Create the Virtual Environment
You can create a virtual environment by following:
Install Virtual Environment
If you don’t have virtual environment, you can install it using following command :
sudo apt install virtualenv
Create and activate Virtual Environment
You can create the virtual environment by the given command :
virtualenv env_name --python=python3
Once you have created the virtualenv, activate it using the following command :
source env_name/bin/activate
Microsoft Azure
Microsoft Azure provides Cognitive Services that has the Speech to text service.
Steps
1. Create your Azure account and login to it.
2. Before you start further, make sure to create an Azure Speech Resource using the below link. You can also create a Free Trial API Key using this link, Create an Azure Speech Resource. Once you create it, You’ll be presented with keys you can use to try the Speech service.
3. Now Install the below Package:
pip install azure-cognitiveservices-speech
Below is the code snippet for Speech to text using Azure with input of audio by Microphone:
import azure.cognitiveservices.speech as speechsdk
# Creates an instance of a speech config with specified subscription key and service region.
# Replace with your own subscription key and service region (e.g., "westus").
speech_key, service_region = "SUBSCRIPTION_KEY", "SERVICE_REGION"
speech_config=speechsdk.SpeechConfig(subscription=speech_key, region=service_region)
# Creates a recognizer with the given settings
speech_recognizer = speechsdk.SpeechRecognizer(speech_config=speech_config)
print("Say something...")
# Starts speech recognition, and returns after a single utterance is recognized. The end of a
# single utterance is determined by listening for silence at the end or until a maximum of 15
# seconds of audio is processed. The task returns the recognition text as result.
# Note: Since recognize_once() returns only a single utterance, it is suitable only for single
# shot recognition like command or query.
# For long-running multi-utterance recognition, use start_continuous_recognition() instead.
result = speech_recognizer.recognize_once()
# Checks result.
if result.reason == speechsdk.ResultReason.RecognizedSpeech:
print("Recognized by Azure: {}".format(result.text))
elif result.reason == speechsdk.ResultReason.NoMatch:
print("No speech could be recognized: {}".format(result.no_match_details))
elif result.reason == speechsdk.ResultReason.Canceled:
cancellation_details = result.cancellation_details
print("Speech Recognition canceled: {}".format(cancellation_details.reason))
if cancellation_details.reason == speechsdk.CancellationReason.Error:
print("Error details: {}".format(cancellation_details.error_details))

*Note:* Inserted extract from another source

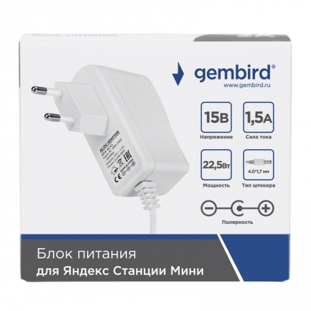 Производитель: Gembird Наименование: Адаптер питания Совместимость: Яндекс станции Мини (YNDX 00020/YNDX 00021) Входящее напряжение: 100 - 240 В Выходящее напряжение: 15 В Сила тока: до 1.5 А Максимальная мощность: 22.5 Вт Размер штекера: 4x1,7 мм Полярность: минус - наружный, плюс - внутренний Длина кабеля: 1.8 м Цвет: Белый Вес: 95 г

Below is the code snippet for Speech to text using Azure to transcribe audio file:
import azure.cognitiveservices.speech as speechsdk
# Creates an instance of a speech config with specified subscription key and service region.

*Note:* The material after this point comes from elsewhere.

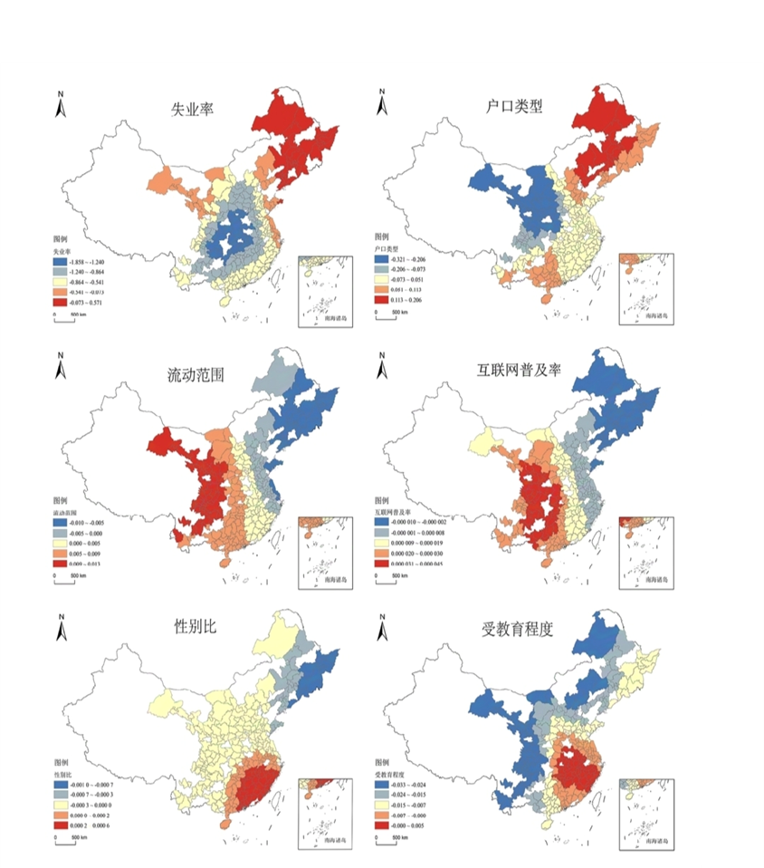 研究者還探討了流動(dòng)人口離婚率影響因素的空間異質(zhì)性特征,結(jié)果表明,失業(yè)率對(duì)流動(dòng)人口離婚率的負(fù)向影響呈現(xiàn)出從中部地區(qū)向周邊遞減的特征,戶口類型對(duì)流動(dòng)人口離婚率的正向影響集中在東北地區(qū),負(fù)向影響集中在西部地區(qū),互聯(lián)網(wǎng)普及程度對(duì)流動(dòng)人口離婚率的正向影響集中在西部地區(qū),性別比對(duì)流動(dòng)人口離婚率的負(fù)向影響呈現(xiàn)出從東北地區(qū)向周邊地區(qū)遞減的特征,受教育程度對(duì)流動(dòng)人口離婚率的負(fù)向影響集中在西部地區(qū)。

# Replace with your own subscription key and region.
speech_key, service_region = "SUBCRIPTION_KEY", "SERVICE_REGION"
speech_config=speechsdk.SpeechConfig(subscription=speech_key, region=service_region)
# Creates an audio configuration that points to an audio file.
# Replace with your own audio filename.
audio_filename = "your_audio_filename.wav"
audio_input = speechsdk.audio.AudioConfig(filename=audio_filename)
# Creates a recognizer with the given settings
speech_recognizer = speechsdk.SpeechRecognizer(speech_config=speech_config, audio_config=audio_input)
print("Recognizing first result...")
# Starts speech recognition, and returns after a single utterance is recognized. The end of a
# single utterance is determined by listening for silence at the end or until a maximum of 15
# seconds of audio is processed. The task returns the recognition text as result.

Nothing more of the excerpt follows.